NEW YORK — TV station operator Tegna Inc. has cut off Dish Network subscribers' access to its local channels in more than three dozen markets, including CBS affiliate WTSP-Channel 10 in Tampa Bay, because of a contract dispute between the two sides.
At issue is that satellite broadcaster Dish refuses to pay the rate increase pushed by Tegna for retransmission consent fees. A new deal would allow Dish to continue carrying 46 television stations in 38 markets across 33 states operated by Tegna.
The companies fired shots at each other in separate statements released late Friday. Dish, based in Englewood, Colo., said it offered a short-term contract extension to Tegna while negotiations continued. "Tegna had nothing to lose and consumers had everything to gain by leaving the channels up," said Warren Schlichting, Dish senior vice president of programming. "Instead, Tegna chose to turn its back on its public interest obligations and use innocent consumers as bargaining chips."
R. Stanton Dodge, Dish's executive vice president and general counsel, said that Tegna's decision to cut off access to subscribers is a "prime example of why Washington needs to stand up for consumers and end local channel blackouts."

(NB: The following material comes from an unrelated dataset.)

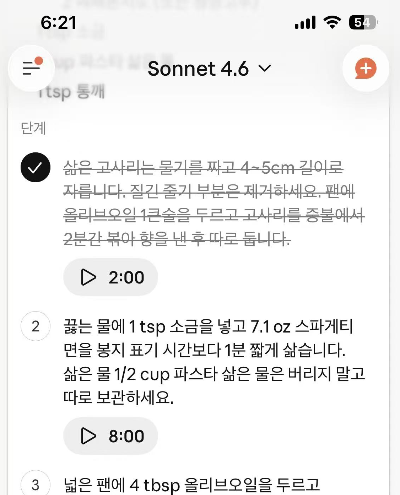 정반대로 상쾌한 UX 경험을 하나 소개합니다. AI 서비스가 채팅에서 컨텍스트로, 다시 하네스로 나아가면서 환경 인식에 대해 정교해지는 흔적이 보이는 듯한 경험도 있습니다. 4월 제주도는 고사리가 한창인데요. 아내가 딴 고사리로 파스타를 만들어 달라고 해서 클로드에 레시피를 요구하고 만난 UI 입니다. 채팅으로 접근했으나 체크 리스트 형태로도 작동합니다.

Tegna, based in McLean, Va., said Dish routinely drops valued cable and broadcast channels and called it a "serial dropper of channels." It said it has always been able to reach a fair agreement with other providers without disrupting viewers. It noted that Dish is "preventing its customers from accessing valued channels, even as customers continue to pay for that content."
There's a lot at stake. Tegna is the largest independent station group of major network affiliates in the top 25 markets, reaching about one third of all TV households nationwide, according to its website. It's the largest independent owner of NBC and CBS affiliates in the country and is the fourth-largest owner of ABC affiliates.